Я хотел бы создать пользователя в PostgreSQL, который может делать только SELECT из конкретной базы данных. В MySQL команда:
GRANT SELECT ON mydb.* TO 'xxx'@'%' IDENTIFIED BY 'yyy';
Что такое эквивалентная команда или серия команд в PostgreSQL?
Я пробовал...
postgres=# CREATE ROLE xxx LOGIN PASSWORD 'yyy';
postgres=# GRANT SELECT ON DATABASE mydb TO xxx;
Но кажется, что единственными вещами, которые вы можете предоставить в базе данных, являются CREATE, CONNECT, TEMPORARY и TEMP.
Если вы предоставляете CONNECT только базе данных, пользователь может подключиться, но не имеет других привилегий. Вы должны предоставить ИСПОЛЬЗОВАНИЕ на пространствах имен (схемы) и SELECT на таблицах и представлениях индивидуально так:
GRANT CONNECT ON DATABASE mydb TO xxx;
-- This assumes you're actually connected to mydb..
GRANT USAGE ON SCHEMA public TO xxx;
GRANT SELECT ON mytable TO xxx;
В последних версиях PostgreSQL вы можете предоставлять разрешения для всех таблиц/представлений/etc в схеме, используя одну команду, вместо того, чтобы вводить их по одному:
GRANT SELECT ON ALL TABLES IN SCHEMA public TO xxx;
Это касается только тех таблиц, которые уже созданы. Более мощно, вы можете автоматически роли по умолчанию, назначенные новым объектам в будущем:
ALTER DEFAULT PRIVILEGES IN SCHEMA public
GRANT SELECT ON TABLES TO xxx;
Обратите внимание, что по умолчанию это влияет только на объекты (таблицы), созданные пользователем, который выдал эту команду: хотя он также может быть установлен для любой роли, членом которой является выдающий пользователь. Тем не менее, вы не получаете привилегии по умолчанию для всех ролей, в которых вы участвуете при создании новых объектов... так что все еще есть кое-какие неприятности. Если вы примете подход, в котором база данных имеет свою роль, а изменения схемы выполняются в качестве этой роли, вам следует назначить привилегии по умолчанию для этой роли. IMHO, это все немного запутанно, и вам может потребоваться поэкспериментировать, чтобы придумать функциональный рабочий процесс.
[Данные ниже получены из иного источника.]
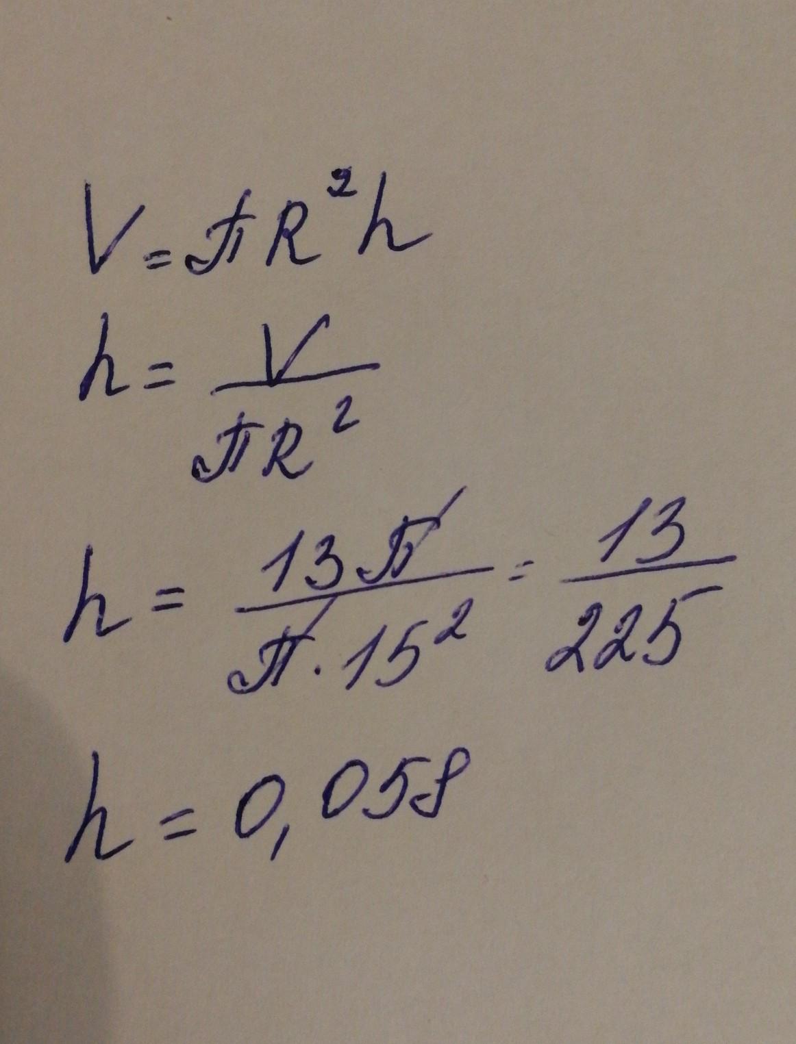 Объём цилиндра вычисляется по формуле V=π⋅R2⋅h, где V — объём, h — высота цилиндра. Пользуясь этой формулой, определи значение h, если V=13⋅π, R=15. (Ответ округли до тысячных).
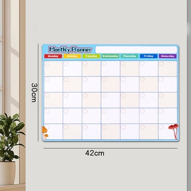 Organisera din månad enkelt: Denna magnetiska kylskåpskalender är perfekt för att planera din månad. Med sin tydliga layout och återanvändbara yta kan du enkelt skriva ner och ändra dina planer. Den är idealisk för familjer, studenter och alla som vill hålla koll på sina aktiviteter. Använd den för att schemalägga möten, komma ihåg viktiga datum eller planera måltider. Den magnetiska baksidan gör att den sitter säkert på kylskåpet eller andra magnetiska ytor, så du alltid har din kalender synlig och lättillgänglig.
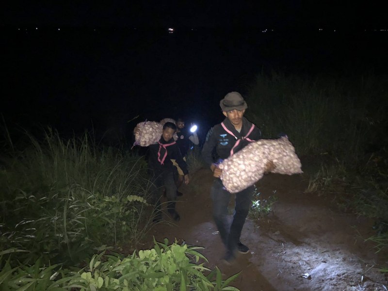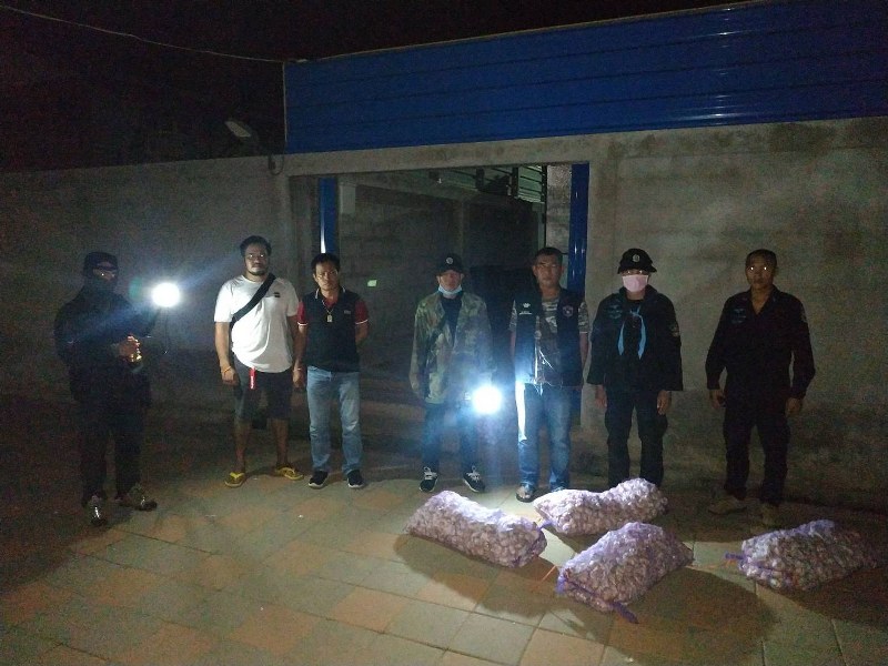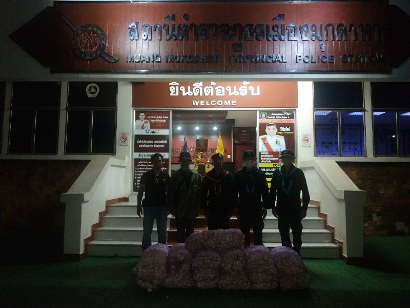 เจ้าหน้าที่จึงได้ตรวจสอบพื้นที่โดยรอบ ตรวจพบกระเทียมแห้ง วางกระจัดกระจายอยู่บริเวณบันไดทางขึ้นริมฝั่งแม่น้ำโขง จำนวน 10 กระสอบน้ำหนัก 200 กิโลกรัม หน่วย ฯ จึงได้ร่วมทำการตรวจยึดของกลาง และนำของกลางทั้งหมดกลับมายังฐานปฏิบัติการ ชป.คทร.ฉก. ทพ.22 ร้อย.ทพ.2107 บ.บุ่งอุทัย ม.10 ต.นาสีนวน อ.เมือง จว.มุกดาหาร
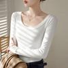 Отличная хлопковая нить U-образный воротник длинный рукав футболка женская новая осень и зима утягивающий топ базовая рубашка Корея
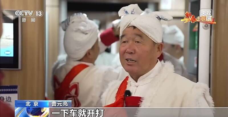 总台央视记者 郑连凯:现在的时间1月26日早上7点30分,延安的天刚蒙蒙亮,腰鼓队队员已经赶到延安站,稍后他们要搭乘延安开往北京的G359次首发列车。

Чтобы избежать ошибок в длинных изменениях с несколькими таблицами, рекомендуется использовать следующий "автоматический" процесс для создания требуемого GRANT SELECT для каждой таблицы/представления:
SELECT 'GRANT SELECT ON ' || relname || ' TO xxx;'
FROM pg_class JOIN pg_namespace ON pg_namespace.oid = pg_class.relnamespace
WHERE nspname = 'public' AND relkind IN ('r', 'v', 'S');
Это должно выводить соответствующие команды GRANT для GRANT SELECT для всех таблиц, представлений и последовательностей для публики, для любви к copy-n-paste. Естественно, это будет применяться только к уже созданным таблицам.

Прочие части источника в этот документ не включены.